Liver is the most common site of CRC metastases. About one third of patients develop liver metastases, but only 10-30% are usually eligible to undergo liver resection due to the extent of the disease (23,24). Liver surgery remains the only potentionally curative treatment for CRLM, with 10-year OS rates up to 16% (25). Unfortunally, around 75% of patients will develop disease recurrence within 2 years (26). Controversial data have been reported focusing on radically resected CRLM [11,22,27]. In several studies, patients with CRLM from RCC have been associated with worse OS, but conflicting results exist regarding RFS (11,22,23,28–30). Dupre’ et al. (27) analysed prospectively collected data from 376 consecutive patients who underwent liver surgery for CRLM and compared the outcomes of patients with RCC and those with LCC. Median PFS was not significantly different between the two groups and median OS was shorter for patients with RCC (34.6 vs 45.3 months, p = 0.035). In concordace with our study, right-sided location of the primary tumor after CRLM is associated with worse OS, but seems to have no influence on PFS. These findings could suggest that the PTL should not change surgical decision-making. Similarly, Sasaki et al. (12) showed that after liver resection, the OS following recurrence was shorter in patients with RCC. In our study we described that the pattern of recurrence differs significantly between the LCC and RCC: RCC group had less recurrences (75% vs 86.5%), though further surgery with curative-intent was possible more frequently in LCC group (29.3% vs 32.5%). Similar results were published by Russolilo et al. (29). The authors conducted a study of 995 patients who undergo surgery for CRLM: in concordance with our study, the rate of re-resection was lower in RCC patients (27.9% vs. 37.5%). In fact, RCC seems to recur less frequently, but more aggressively.
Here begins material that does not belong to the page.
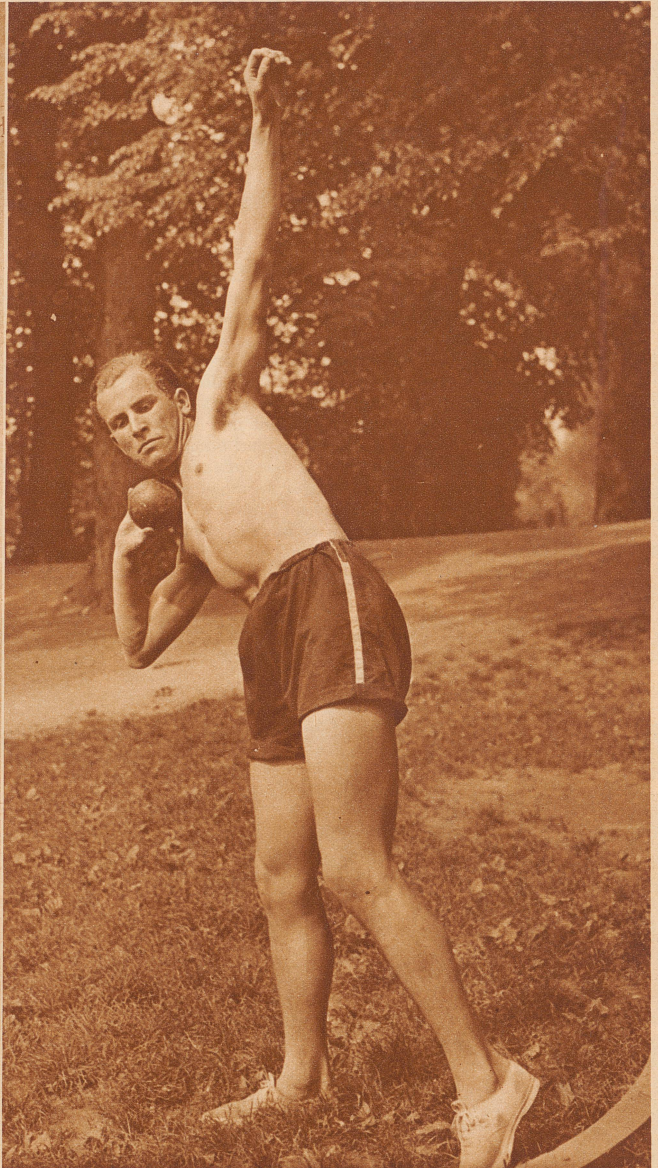
Aarauer Kantonsschüler 1932

Timing of metastasis is a controversial prognostic factor for patients with metastatic CRC. SM and MM liver metastases from CRC are characterized by a different gene expression signature (31). Approximately 15-25% of patients with CRC are diagnosed with SM and another 10-20% develop MM (32,33). Colloca et al. (34) investigated the outcome of the patients by the timing of metastases and also different tumor characteristics associated with SM and MM. The patients with SM reported a poor prognosis (18.5 vs 62.5 months). The results from our study show similar data: the worse outcome experienced the patients with SM-RCC, followed by SM-LCC and MM-RCC and, finally, MM-LCC. Moreover, in our study, on multivariate analyses, the presence of SM were associated with worse patients’ outcome. According to some authors, the role of chemotherapy seems to be more important in SM since they are more chemosensitive and chemo-naïve (34,35). This hypothesis is supported by the higher overall responses rates reported among patients with SM – CRLM (36). Considering different responsiveness to chemotherapy, PTL and timing of metastasis might be stratifying factor in trials evaluating peri-operative management of patients candidate to liver surgery for CRLM (27).

To the best of our knowledge, any previous study had evaluated the role of both PTL and the timing of metastasis. In our study, we confirmed the importance of both parameters for patients’ prognosis. The median OS for SM-RCC remained the most severe and therefore these patients should be considered for different treatment approaches.

Our study has different limitations. As a retrospective analysis, it is subject to bias in selection, follow-up and missing data, even if we analysed prospectively reported consecutive patients who underwent surgery for CRLM. Futhermore, many pathological variables such as MSI status and KRAS/NRAS and BRAF status mutation are available for all patients, as well as tumor differentiation, lymphatic and venous invasion, histological subtypes as well clinical data are not available for all patients.

Conclusions

We confirmed that the patients with CRLM and right-sided primary colon cancer experience worse survival after hepatic resection than left-sided CRC patients. Moreover, the timing of metastasis has been revealed as important prognostic factor, with special attention to SM–RCC who are characterized by the worse clinical outcome.